Speaking of driving to work, we might soon live in a world where self-driving cars and transportation systems are common. This would make navigating cities easier than ever, and allow goods and produce to be transported more efficiently over long distances. The only problem would be fuel . . . Due to limited oil reserves and climate change, at some point we’ll have to switch from gasoline to electricity - and from coal to renewable energy sources. On the plus side, a city redesigned to take advantage of renewable energies could provide a grid that allows self-driving cars to recharge easily. The rise of autonomous and electric vehicles will create a big change in how we design and build our cities. When horse-drawn carriages gave way to automobiles, roads changed from dirt to pavement. We may see similarly dramatic changes with the advent of electric, self-driving cars.

All these new technologies and structures will require some serious natural resources. However, extracting them from the earth often comes at great environmental cost. Several countries and companies are exploring ways to harvest the rich natural minerals within asteroids and other space objects. One trip from the local asteroid mine could yield amazing amounts of precious metals. These materials could then be used to build the smart houses of the future. These homes would be connected to the internet in all kinds of unique ways. Maybe your alarm clock will tell appliances in your kitchen to start preparing breakfast, or your car to warm up automatically.

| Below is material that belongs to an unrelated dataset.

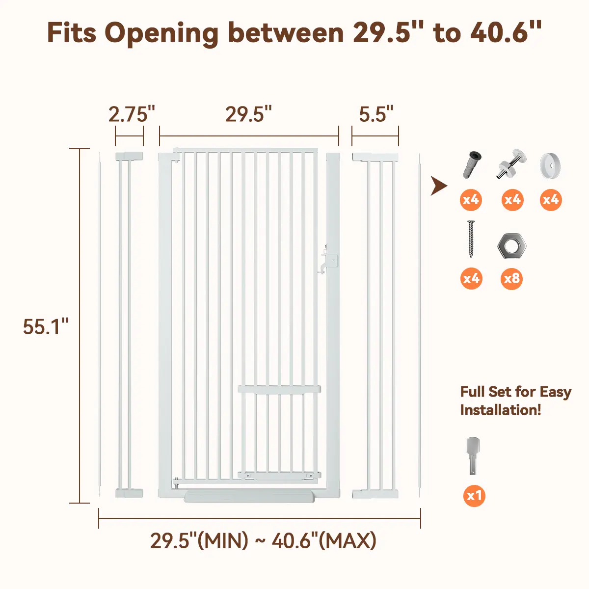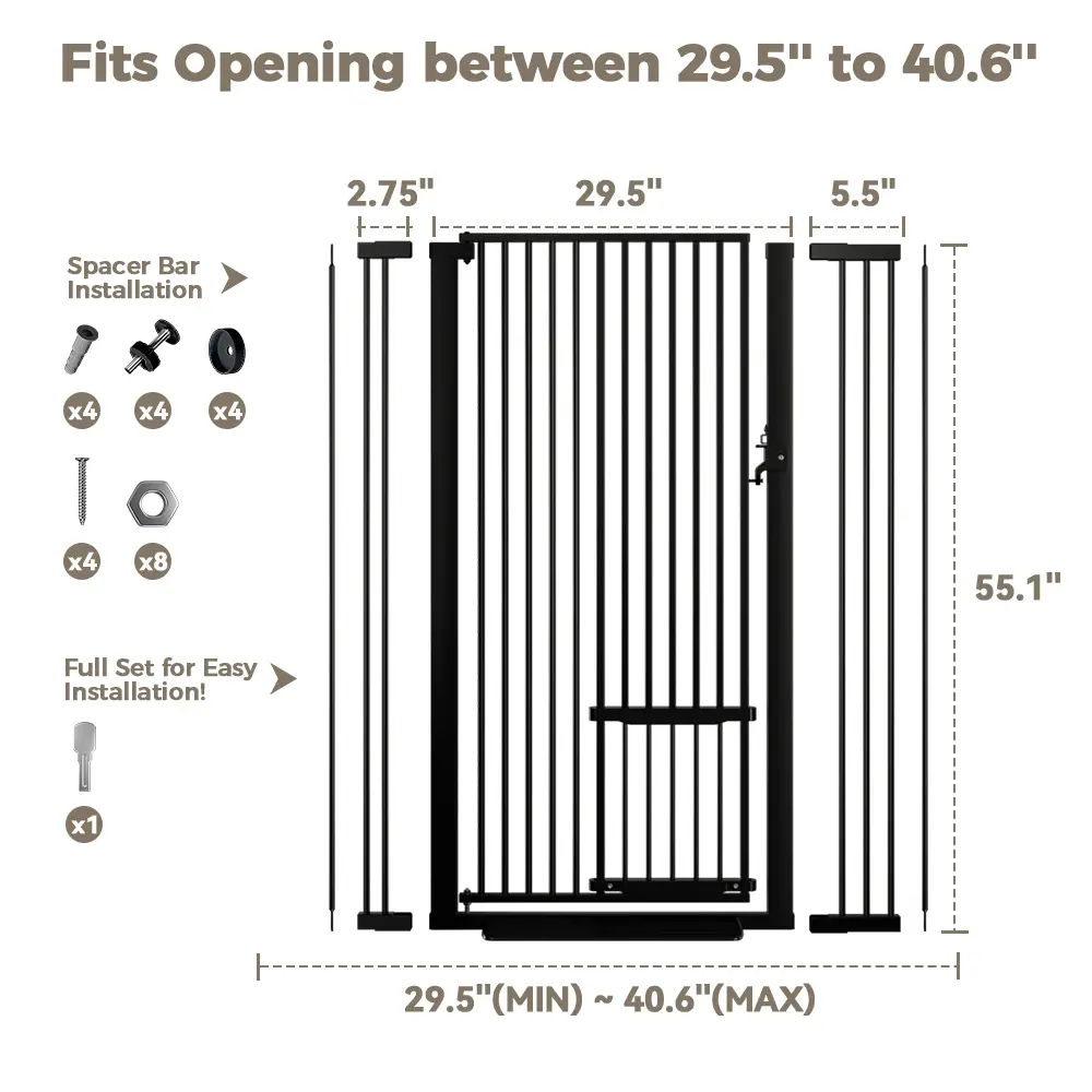 ·Height: 55.1" tall, fits openings 29.5" to 40.6" wide.

The modern world is more connected than ever . . . but we all run into cell and wifi reception from time to time. In the future, satellites will continue to improve, making communication faster and more reliable. All this high-speed access could mean that many jobs can be performed from home. We can already phone into meetings halfway across the globe, but virtual computing would make it like we were there in person. Teams could meet in virtual spaces without having to travel at all. This means that there’d be fewer people on the road and potentially less pollution.

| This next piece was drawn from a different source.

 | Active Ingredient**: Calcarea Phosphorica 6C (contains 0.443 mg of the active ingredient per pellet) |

On the subject of work, workers of the future might need to work a lot less because of automation and efficiency improvements. At first, this could have a devastating impact on employment, robbing many people of their livelihoods. In the long term however, people may one day look back at our working culture the way we look back at factory jobs in the Industrial Revolution. The whole idea of work will have to be re-examined as we come to realize that many of the things we need such as food, water and shelter are easily provided thanks to advances in food production and robotics.

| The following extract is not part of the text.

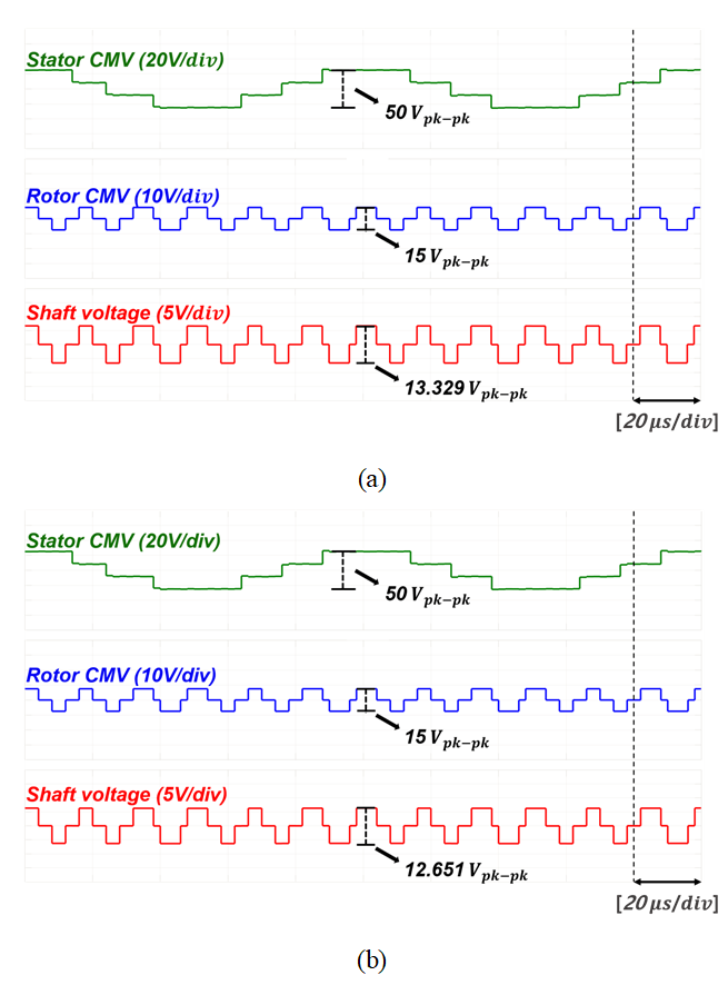 Fig. 10. Simulation Results of shaft voltage (a) model 7, (b) model 8

With more free time, people could develop more communal areas for their cities. These spaces could provide many basic services for the population and serve as a way for people to feel more connected in an otherwise disconnected world.

If floating, underground, and autonomous cities don’t excite you, then how about space cities? If we continue to overpopulate the planet and fail to answer our climate problems, humanity might be forced to move to the stars. Instead of looking out the window and seeing a parking lot or run-down building, you might see the entire earth floating in front of you. Plans are already underway to put people on Mars, so it wouldn’t be a stretch to envision cities on the moon or rotating around Earth like satellites.

The future of our cities depends on a lot of things, but if we can solve some key issues, then they’ll be some truly exciting places.